Cyclist skeptical of shoulder safety on rural roads

Jeff Tindall commutes by bike during spring, summer and fall, but not winter. During the colder months he rides inside. We staged this shot near his house on one of the coldest days of the year. Photo by Glen Gower.

(PHOTO: Jeff Tindall commutes by bike during spring, summer and fall, but not winter. During the colder months he rides inside. We staged this shot near his house on one of the coldest days of the year. Photo by Glen Gower.)

The city has paved the shoulder of a stretch of Fernbank Road in an effort to improve cycling infrastructure in the Goulbourn area, but one local cyclist isn’t convinced.

A portion of Fernbank Road between Shea Road and 500 metres west of Terry Fox Drive was paved over the summer with the goal of better connecting bicycle facilities with OC Transpo. It was one of the projects funded by a $4-million grant from the federal government’s Public Transit Infrastructure Fund.

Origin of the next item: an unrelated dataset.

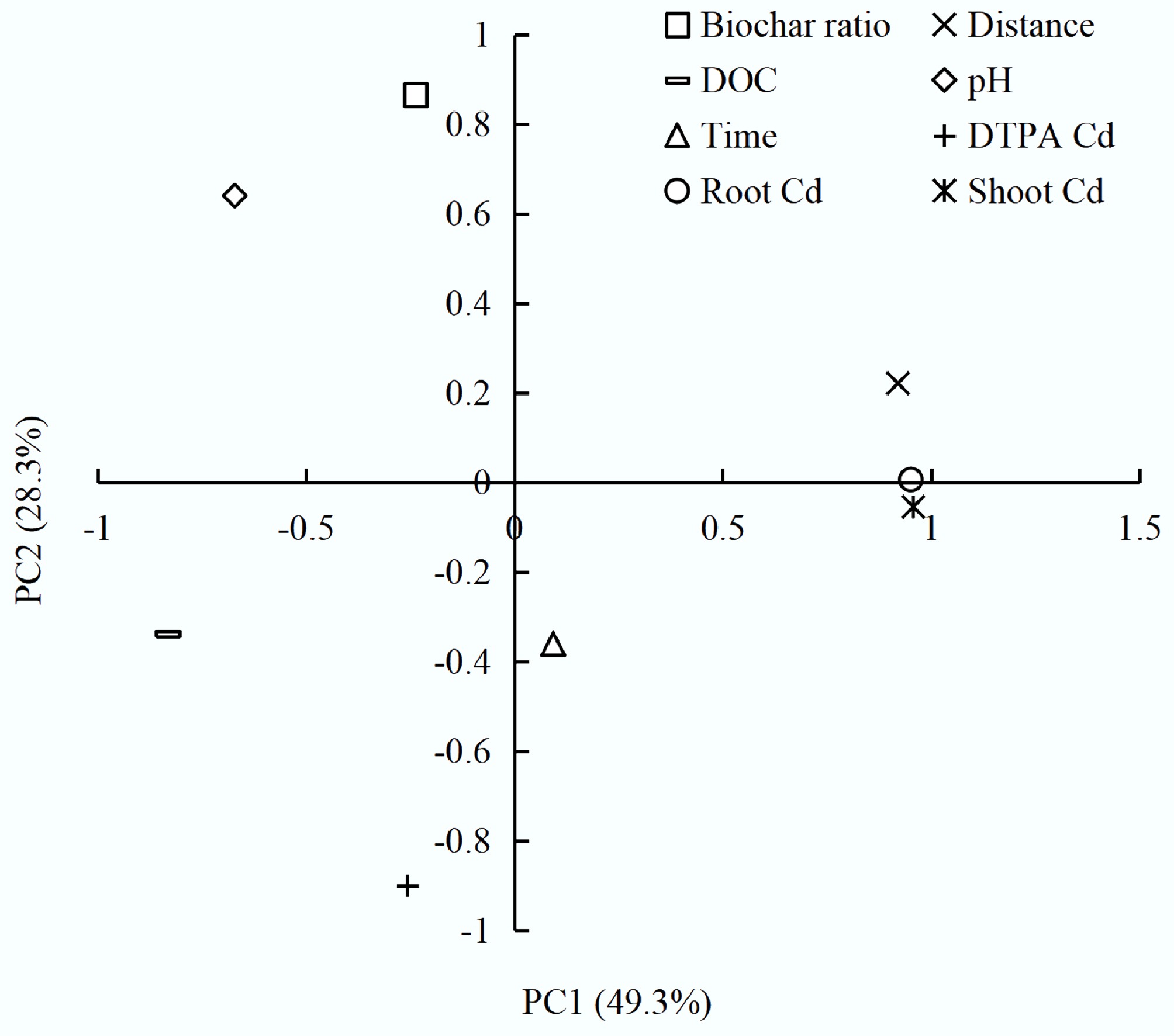 Principal component analysis (PCA) of charosphere drivers: ordination of biochar rate, distance, time, pH, DOC, DTPA-Cd, and wheat Cd concentrations in roots and shoots.

“The options are limited in the rural area to figure out how to connect transit to cycling,” said Scott Moffatt, councillor for Rideau-Goulbourn, the ward which the section of Fernbank Road is a part of.

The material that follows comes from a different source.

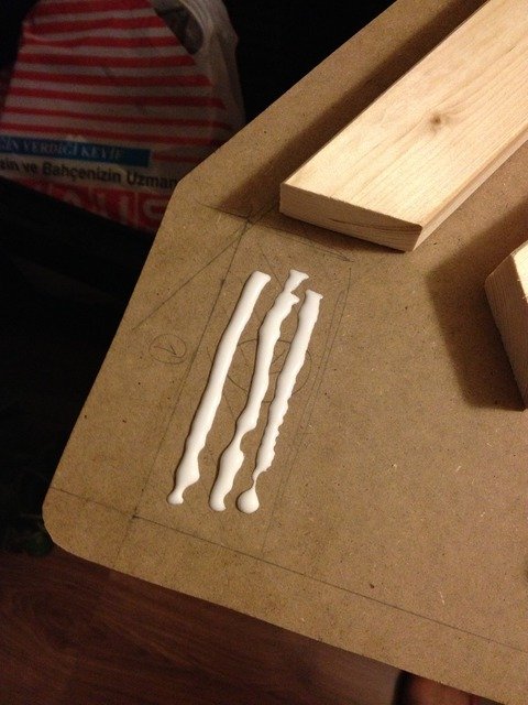 Sonra işimize başlıyoruz. Parçalara ahşap tutkalı sürüp yerine yerleştiriyoruz. Burada ister parçaya tutkal sürün, ister yapışacak yere. Ben bu resimde önce yapışacak yere sürmüştüm, daha sonra parçaya sürmenin daha pratik olduğunu gördüm.

Moffatt said having a paved shoulder is good for cyclists, but also for cars as well because it extends the life of the road. With an unpaved shoulder, cars sometimes ride on the edge of the surface which over time can chip away and cause cracking.

“It’s a better road to drive on (and) a better road to bike on,” he said.

Having at least more paved shoulders would go a long way to improving cycling in the rural area, he said, because communities like Stittsville and Richmond have little or no routes to connect them to other places.

“People in Richmond… they’d like a pathway to communities like Stittsville and Nepean,” he said.

Roads like Flewellyn, which has a narrow gravel shoulder, are popular with cyclists because they provide decent connections and very low traffic. When Shea Road was repaved a while ago, he heard from one local cyclist who thanked him for the new shoulder.

“It’s perfect now,” Moffatt said.

But Jeff Tindall, a Stittsville cycling enthusiast, said it doesn’t quite cut the mustard.

“Paved shoulders are certainly better than gravel shoulders, however this shouldn’t be misconstrued as cycling infrastructure,” he wrote in a message to StittsvilleCentral.ca. “While they do provide a bit more separation between cyclists and automobiles, it’s a shoulder, and as such I fully expect vehicles to drive (on) it.”

He pointed to the recent repaving of Shea Road and said vehicles often use its shoulder as a parking zone or a lane to pass other vehicles.

“I witnessed a very close call on Iber when an SUV did just that only to realize a pedestrian was walking past the turning left car along the shoulder,” he wrote.

He would like to see actual cycling infrastructure be built in the area – meaning real lanes instead of shoulders, complete with signs reserving them for cyclists.